The piece points out that an Israeli study published in the "New England Journal of Medicine" compared a group of vaccinated people who had never had COVID-19 and a group of people who had not been vaccinated but had been previously infected with COVID-19.
It turns out that the first group had "twice the number of infections as the second" just two months after their shots, and after six months, the "first group's infection rate was nearly three times higher than the second's."
Although Wen had previously supported vaccinating children, she cited CDC analysis indicating that over 90% of adolescents have contracted the virus, meaning they likely benefit from the natural immunity touted earlier in the piece.
After questioning the utility and good of vaccine mandates, Wen highlighted the dangers they pose — which were previously unacknowledgeable on social media.
Wen referenced two sets of statistics, one from the CDC and the second from a Canadian database; the first showing that there are 39 myocarditis cases per million second doses among males 18 to 24 and the second showing that there are 22 cases for every 100,000 doses for men ages 18 to 29.
About-face and backlash
Wen has ostensibly come a long way in her thinking in a short period of time.
In July 2021, Wen spoke to Democracy Now! bemoaning vaccine hesitancy and claiming that "we know that we can't trust the unvaccinated."
When the Delta variant turned up, Wen told CNN that "it needs to be hard for people to remain unvaccinated."
The health policy professor suggested to CNN's Chris Cuomo that societal reopening must be tied to vaccination status.
She said, "We need to start looking at the choice to remain unvaccinated the same as we look at driving while intoxicated. ... You have the option to not get vaccinated if you want, but then you can't go out in public."
Wen also stressed that mobility rights and other human liberties should be tied to vaccination status.
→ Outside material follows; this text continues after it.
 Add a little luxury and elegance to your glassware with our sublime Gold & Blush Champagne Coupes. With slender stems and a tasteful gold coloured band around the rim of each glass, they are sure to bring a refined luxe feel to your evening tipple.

"There are privileges associated with being an American. That if you wish to have these privileges, you need to get vaccinated. Travel, and having the right to travel in our state, it’s not a constitutional right as far as I know to board a plane," she told CNN on another occasion.
In response to Wen's recent op-eds, New York art dealer Eli Klein expressed his surprise that the "Washington Post finally published the truth about natural immunity."
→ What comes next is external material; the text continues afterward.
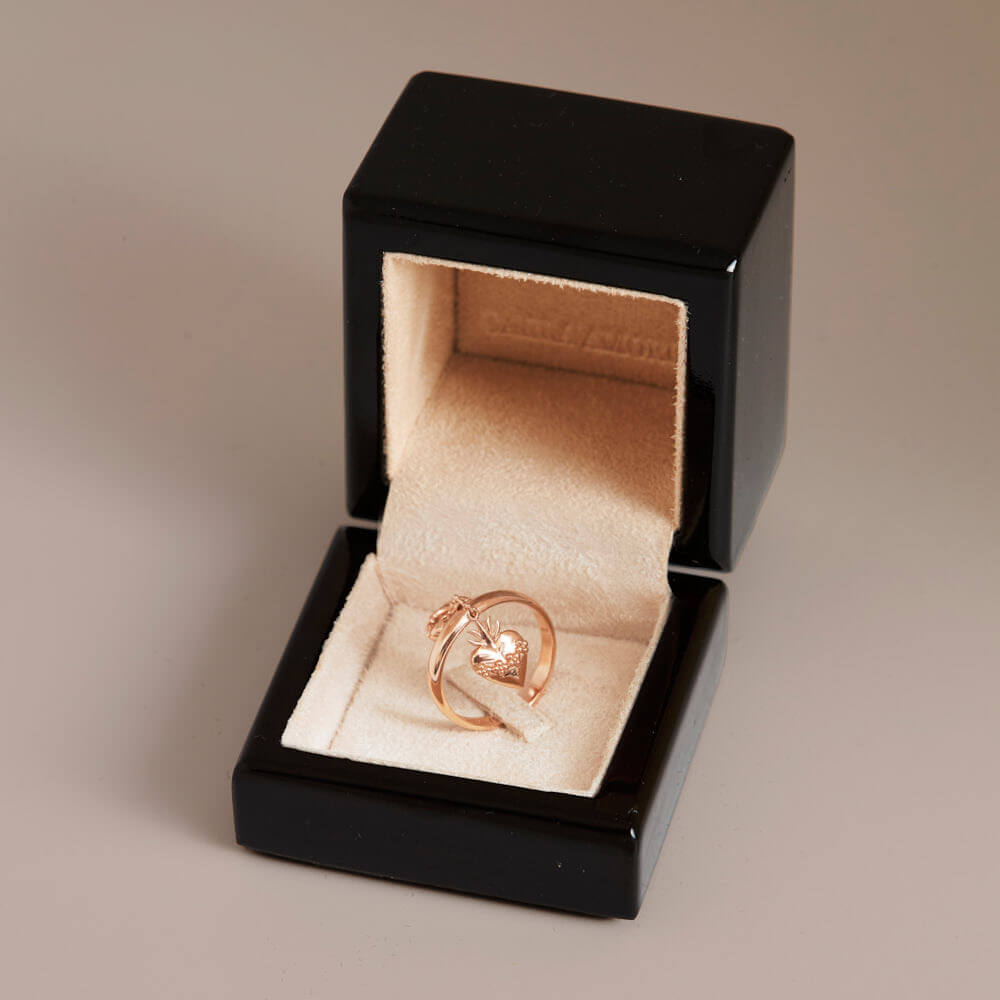 Em ouro 18k, o Anel Sagrados Corações possui movimento e dialoga com outras peças da linha. Uma joia que simboliza fé, conexão e sentimentos em constante transformação.

Joel Petlin, superintendent of the Kiryas Joel School District, tweeted, "The media coverage of COVID-19 research on natural immunity has evolved from being banned on Twitter to being embraced by the same *experts* who applauded the original bans. The only thing missing is the apologies and the commitment to not repeat the outrageous past mistakes."
Revolver News suggested that Wen's admissions are "too little too late. Dr. Wen and her ilk conspired with the FBI and Big Tech to suppress these very facts that we needed to make sound decisions about how to respond to a novel pathogen. Their totalitarian streak cost us our freedom of movement, freedom of association, and our bodily autonomy."